Blocking HTTP1.1 - Some Results

, in Computing, Rant

A couple of weeks ago I wrote that I was experimenting with blocking HTTP1.1 requestsTLDR: v1.1 traffic is almost 100% bots to my site. Here are some observations, in case anyone is thinking of following in my dubious footsteps. I am still not good at drawing cool logos I should mention that I went into this experiment with impression that almost all maintained software would be at least using the newish HTTP2.0 standard to make requests - it is officially over 10 years old as of 2026 and is widely implemented in libraries and frameworks.

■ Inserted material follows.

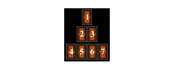 Смысл расклада: «встретить свою судьбу лицом к лицу», то есть осознать свою проблему, проанализировать обстоятельства, ей сопутствующие и найти выход. Из Старших Арканов выбирается карта для позиции 1, остальные выбираются из Младших.

It turns out this assumption is very wrong. The main problems are listed below but, cutting to the chase, the relevant section of my Caddyfile now looks like this:

# Return an error for clients using http1.1 or below - these are assumed to be bots
@http-too-old {
    not protocol http/2+
    not path /rss.xml /atom.xml # allow rss
    # allow some acceptable bots
    not header_regexp User-Agent (?i)(Google-Site-Verification|googlebot|bingbot|duckduckbot|mastodon|^Lynx)
}

RSS Feedreaders

Almost all of the popular RSS feed readers use HTTP1.1. I mitigate this slightly by explicitly excluding /rss.xml and /atom.xml from the block. Unfortunately, some feed readers also request pages from the site to generate previews, etc, which are now blocked.

This is exacerbated by my blogging software generating a truncated feed containing only the first sentence of each post. This is a little shameful and something I have been meaning to fix for ages. For now, readers have to click through to read my posts - I apologize to anyone for whom this is a burden.

Maybe I will add the more popular feedreaders' User-Agents to the list above.

Google

I was most annoyed that Google of all organizations are still using v1.1 to spider sites. I had to add both Google-Site-Verification and googlebot before the search console stopped complaining.

Honestly, I thought twice about adding an exception for Google. The days where I was desperate to have Google spider my site are long gone - in 2026 I know they are just spidering the web to boost their own AI results and I receive so little traffic from Google that it hardly seems to matter.

I foresee a day where I don't care to make an effort not to block them, but they get a reprieve this time.

Lynx

I received some interesting feedback from Mastodon.

@sheephorse congratulations, you excluded all lynx users (still the #1 text mode browser, especially among reduced-vision people). That’s not just throwing the child out with the bathwater, it’s throwing the neighbours’ kids out as well for good measure.

@mirabilos@toot.mirbsd.org on Mastodon

I don't usually do this but sometimes a meme just fits
I don't usually do this but sometimes a meme just fits

I must admit I hadn't thought about Lynx for years. I just assumed that if it was still around it would support HTTP2.0 by now but no. I do not get a lot of Lynx traffic but I did not mean to exclude them.

During testing I downloaded Lynx and played around for a while. I am happy to find that sheep.horse works reasonably well in a text-based browser - score one for plain old HTML websites.

Conclusion

There is still a surprising amount of legitimate HTTP1.1 traffic out there. Allowing certain User-Agents through seems tacky but works OK in lieu of more sophisticated bot detection.

As it stands, excluded bots could easily pretend to be a blessed User-AgentI know some non-google crawlers pretend to be some version of googlebot, for instance but it seems a lot of bots don't bother. I'll probably continue to tweak the list of allow agents as problems occur.

Do I recommend this approach? Probably not for a general purpose site unless you are absolutely getting hammered by bot traffic. There are better solutions out there but this seems to meet my needs for now.